China Completes Translation of Living Pictographs

With the help of ethnic masters, Chinese scholars have successfully translated the world's only living pictographs into modern languages.

Scholars announced this week that the Dongba characters which were developed by the Naxi ethnic group in southwest China 3,000 years ago have been translated into modern Chinese and English.

A set of 100 books recording the full translation of the Dongba classic has been compiled and 20 of them have been published, at a price of 50,000 yuan (some 6,000 US dollars) per set. The remaining 80 books are expected to be off the press at the end of this year.

This was the country's largest project ever for collecting and collating the ancient books of ethnic groups. The cooperative project involving Chinese Naxi culture scholars and Dongba shamans began in the early 1980s and cost four million yuan (about 500,000 US dollars)
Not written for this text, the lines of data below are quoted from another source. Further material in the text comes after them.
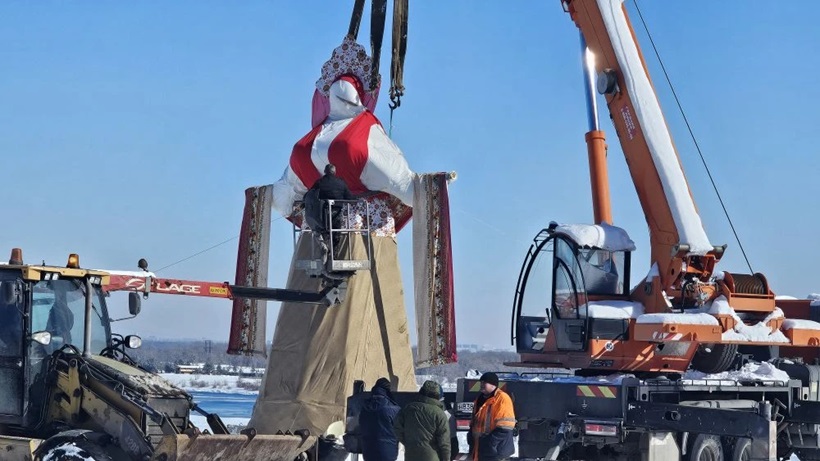 in Общество Десятиметровое чучело Масленицы в народном костюме установили в Центральном парке Волгограда
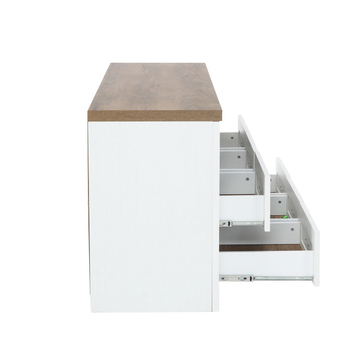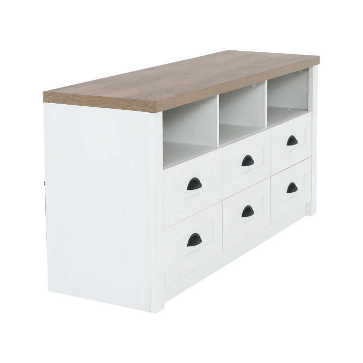 Komoda PROVANCE v barevném provedení sosna andersen / dub lefkas. Materiál laminovaná DTD. Rozměry (ŠxHxV): 130x43x68 cm Tloušťka materiálu korpus: 15 mm Tloušťka materiálu vrchní desky: 36 mm Dodávané v demontu.
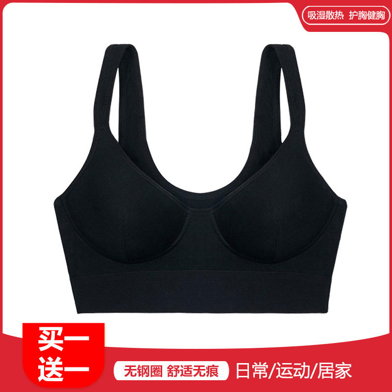 外贸运动文胸背心式宽边松紧舒适内衣纯棉无钢圈海绵模型杯BC胸罩

The Naxi ethnic group, numbering only about 240,000 people in the rugged snow-capped mountains of southwestern China's Yunnan Province, is facing the challenge of protecting its unique and rich spiritual and cultural heritage.
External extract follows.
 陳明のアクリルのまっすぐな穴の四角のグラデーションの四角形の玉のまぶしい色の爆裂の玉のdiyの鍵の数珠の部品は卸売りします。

The Dongba characters were developed by copying animals and other objects found in nature and are regarded as a "living fossil," and the only purely hieroglyphic characters are still in use.

Dongba writing was handed down by shamans from generation to generation, but there are now only three remaining in Lijiang, home of the Naxi and a UN World Heritage site.
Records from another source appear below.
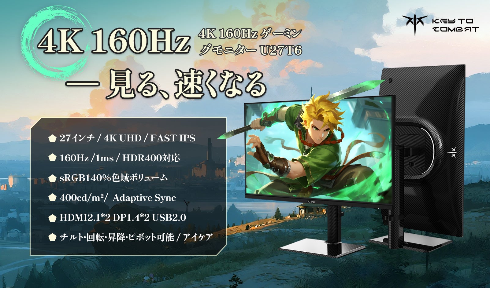 【4Kゲーミングの新基準】KEY TO COMBAT、27インチ4K 160Hz ゲーミングモニター「U27T6」を新発売!限時クーポンで至高の没入体験を提供
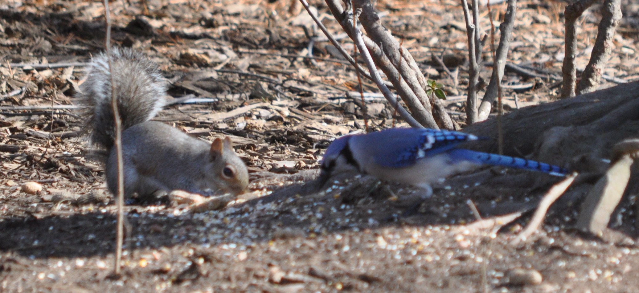Of course, with peanuts out there, at some point the squirrel showed up and the blue jays had to go into overdrive to get the lion’s share of the peanuts.
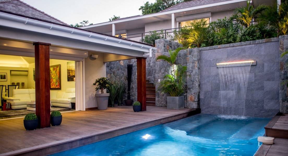 Magnifique piscine, système d'alarme, pont et chaises longues, barbecue en plein air, cascade, et une vue imprenable sur la baie Flamands
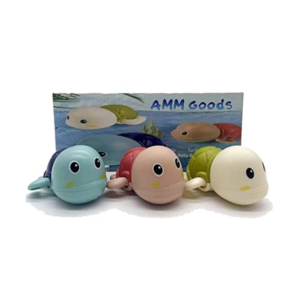AMM Goods Turtle Baby Bath Toys for Toddlers, Wind-up Bathtub toys for Boys/Girls/Kids, Funny Swimming pool Toys, Best Gift for the little one. AMM Goods Baby Bath Toys set has 3 Funny Turtle Toys (Blue, Pink, Green). It brings more fun to kids and makes the bath time interesting. Its bright color and shape attract the babies to bath, develop their hand-eye coordination, motor skills, knowledge of physical Buoyancy. How to play: Step 1: Hold the legs on both side of the Turtle so it doesn’t move. Step 2: Turn the clockwork of the Turtle clockwise. Step 3: Put the Turtle in the water then release the hand. It will start swimming. Warning: 1. This product should keep out of fire source. 2. Remove the plastic bag, label, and others before handing the bath toys to the children. 3. Please use it under adult supervision. Children must not throw it to each other. 4. Don’t use it if product is damaged or broken.
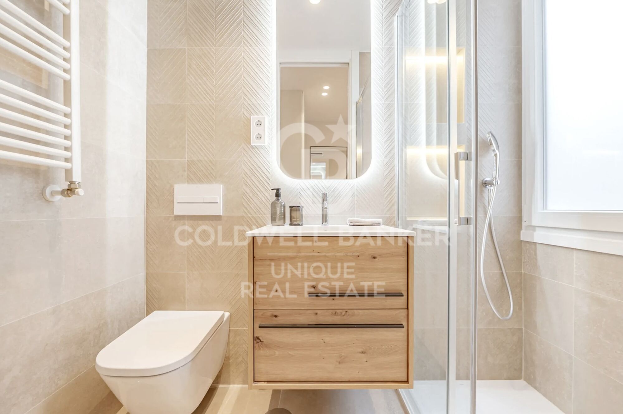 Die Aufteilung umfasst zwei Schlafzimmer, eines davon en suite, sowie ein weiteres vollständiges Badezimmer und einen praktischen, separaten Hauswirtschaftsbereich, was Komfort und Funktionalität im Alltag gewährleistet. Jeder Raum wurde so gestaltet, dass maximaler Komfort erreicht wird, ohne auf eine moderne und elegante Ästhetik zu verzichten.
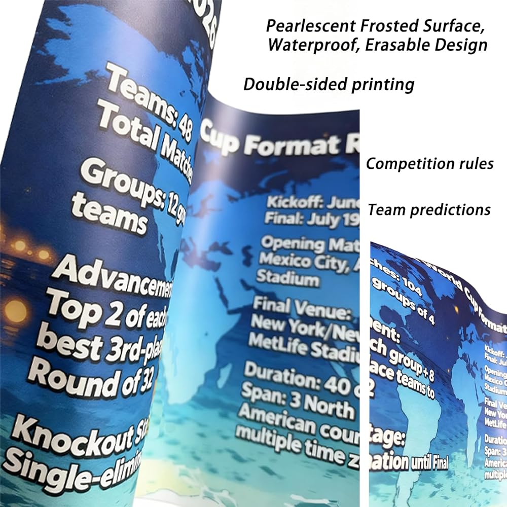 ملصق جدول كأس العالم، بضائع كأس العالم، طباعة مزدوجة الجوانب، بدون تجعد، جدول زمني مقاوم للماء، قابل للمسح، جدول بطولة كرة القدم 2026 ومخطط معلومات الفريق، ملصق هدايا لمحبي كرة القدم
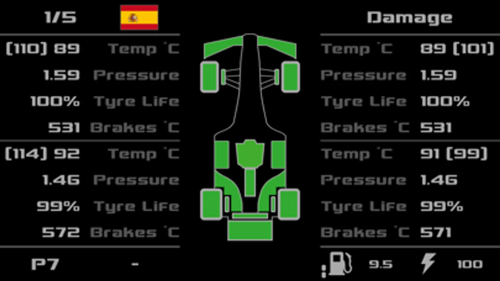 The F1 2016, F1 2017, F1 2018, F1 2019, F1 2020, F1 2021, F1 22, F1 23, PCARS or PCARS2 games are required on either PC, PlayStation or Xbox, or Forza Motorsport 7, Forza Horizon 4 or Forza Horizon 5 on PC or Xbox, or Assetto Corsa game on PC or PlayStation, or GTS, GT7 on PlayStation. This app requires the UDP telemetry mode to be enabled in the game - instructions for enabling this are provided.
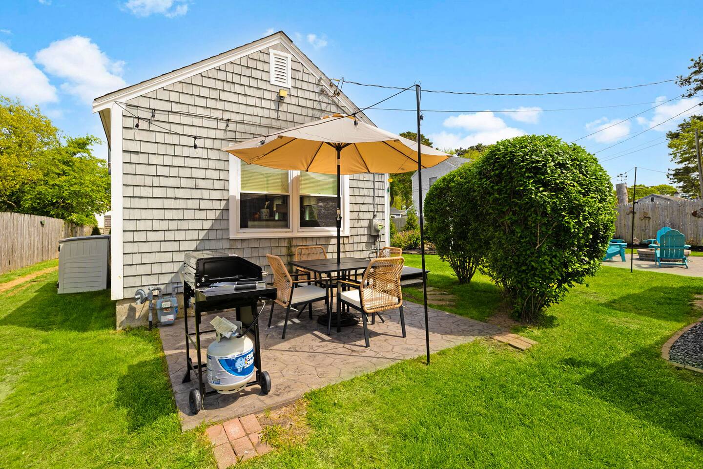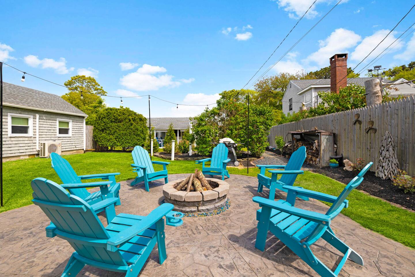 Rinse off after the beach with our outdoor showers, a true Cape Cod essential. Enjoy stress-free arrivals and departures with convenient on-site parking. (Please note: there is an additional cottage on the property, each unit with its own private spaces and dedicated parking.) The front cottage has an inviting outdoor fire pit, perfect for cozy stargazing. We warmly welcome your furry friends, ensuring your dog can enjoy the vacation right alongside you!

The Dongba classics were first discovered by an American botanist in 1922. With over 2,100 characters, they are considered more primitive than the inscriptions on tortoise shells and animal bones discovered in central China.

However, the American failed to decipher the Dongba writing despite a lifetime effort.

One factor making the Dongba language difficult to read is the lack of complete sentences, only juxtaposed single words, according to Li Jingsheng, a scholar on Dongba culture.

Several characters may tell a complete story, and sometimes, a character in one script might not have the same meaning in another script.

Only with the help of native Dongba masters was it possible to understand the Dongba classics, also known as "book from the heaven."

Some 14,000 volumes of Dongba classics can be found in Naxi communities, and another 10,000 volumes are scattered in libraries and museums in the United States, Britain, France, Germany, Italy, the Netherlands, Switzerland, and Spain, all of which have researched the characters.

Dongba classics have been translated over the past years covering the philosophy, religion, history, folk customs, music, dance, fine arts, medicine, astronomy, geography, biology, dress, farming, and weapons of Naxi society over the past millennium.

The Institute of Dongba Culture, which was set up in 1981 in Lijiang County, has employed Dongba masters as senior advisors to aid in the complete translation.